Shareholders may also obtain a copy of the preliminary or definitive proxy statement, once available, as well as other documents filed with the SEC regarding the proposed business combination and other documents filed with the SEC by Gesher, without charge, at the SEC’s website located at www.sec.gov or by directing a request to Gesher I Acquisition Corp., Hagag Towers, North Tower, Floor 24, Haarba 28, Tel Aviv, Israel.

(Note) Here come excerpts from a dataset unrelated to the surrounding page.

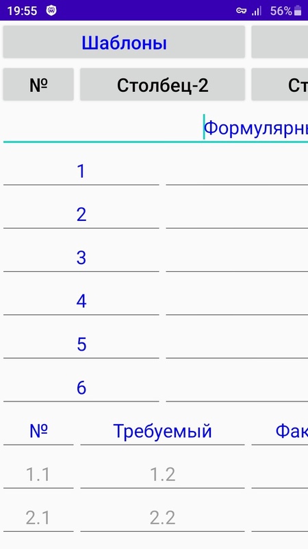 Кнопка [Формулярный бланк] переход к Экрану-2 с формулярным бланком.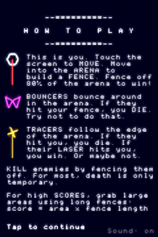 Permainan taktik gaya arked dan refleks cepat! Dapatkan tanah seberapa banyak yang anda boleh sambil mengelakkan Bouncers cuba memukul kerja pembinaan anda dan Tracers cuba memotong anda dengan sinar laser! Berani diberi ganjaran tinggi, tetapi berjudi dengan bijak!
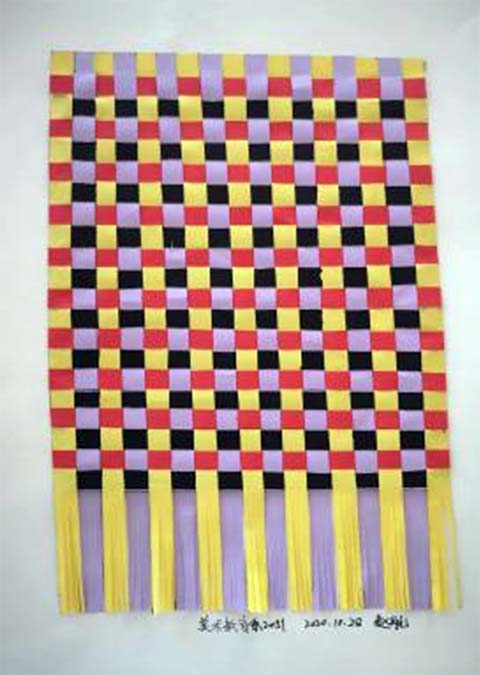 第二幅创作是,用紙线条的形式代替 非洲肯特布地毯的原材质,选用相同的编制手法,再加以一些规则的图案丰富其内容。(属于工艺品的雏形)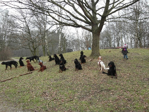 Viele Menschen - viele Hunde = viel Gequatsche + viel Gerenne. Ab und zu haben uns die Spaziergänger und Jogger, denen wir begegneten, wohl verflucht, denn unsere Setter achteten nicht wirklich darauf, wo sie sich schüttelten und wen sie beim Spielen stören könnten. Da steht für die Zukunft doch wohl ein reiner Leinenspaziergang und Benimmkurs auf dem Programm ;o)

INVESTMENT IN ANY SECURITIES DESCRIBED HEREIN HAS NOT BEEN APPROVED OR DISAPPROVED BY THE SEC OR ANY OTHER REGULATORY AUTHORITY NOR HAS ANY AUTHORITY PASSED UPON OR ENDORSED THE MERITS OF THE PROPOSED TRANSACTION PURSUANT TO WHICH ANY SECURITIES ARE TO BE OFFERED OR THE ACCURACY OR ADEQUACY OF THE INFORMATION CONTAINED HEREIN. ANY REPRESENTATION TO THE CONTRARY IS A CRIMINAL OFFENSE.

No Offer or Solicitation

This communication does not constitute an offer to sell or the solicitation of an offer to buy any securities, or a solicitation of any vote or approval, nor shall there be any sale of securities in any jurisdiction in which such offer, solicitation or sale would be unlawful prior to registration or qualification under the securities laws of any such jurisdiction. No offering of securities shall be made except by means of a prospectus meeting the requirements of Section 10 of the Securities Act of 1933, as amended.

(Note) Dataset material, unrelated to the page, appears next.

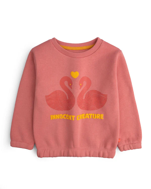 This fleece-made sweatshirt is stylized in printed pattern, rib neck, and elasticated hem making it stylish for girl wear.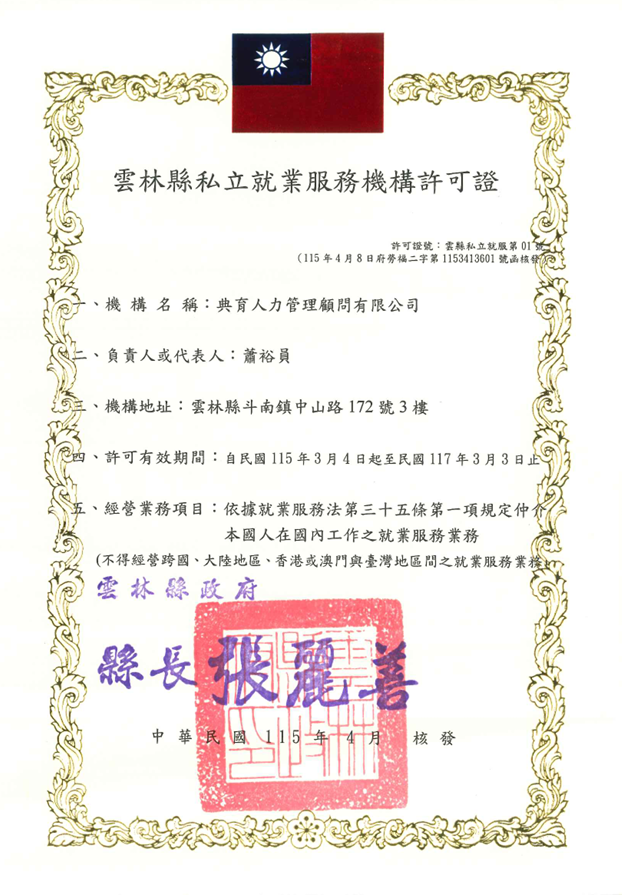 - 公司於民國112年度申請設立【私立就業服務機構證】

Participants in Solicitation

Gesher, Freightos and certain of their respective directors, executive officers and other members of management and employees may, under SEC rules, be deemed to be participants in the solicitations of proxies from Gesher’s shareholders in connection with the proposed business combination. Information regarding the persons who may, under SEC rules, be deemed participants in the solicitation of Gesher’s shareholders in connection with the proposed business combination will be set forth in the Registration Statement when it is filed with the SEC. You can find more information about Gesher’s directors and executive officers in Gesher’s final prospectus dated October 12, 2021. Additional information regarding the participants in the proxy solicitation and a description of their direct and indirect interests will be included in the Registration Statement when it becomes available. Shareholders, potential investors and other interested persons should read the Registration Statement and other relevant materials to be filed with the SEC regarding the proposed business combination carefully when they become available before making any voting or investment decisions. You may obtain free copies of these documents from the sources indicated above.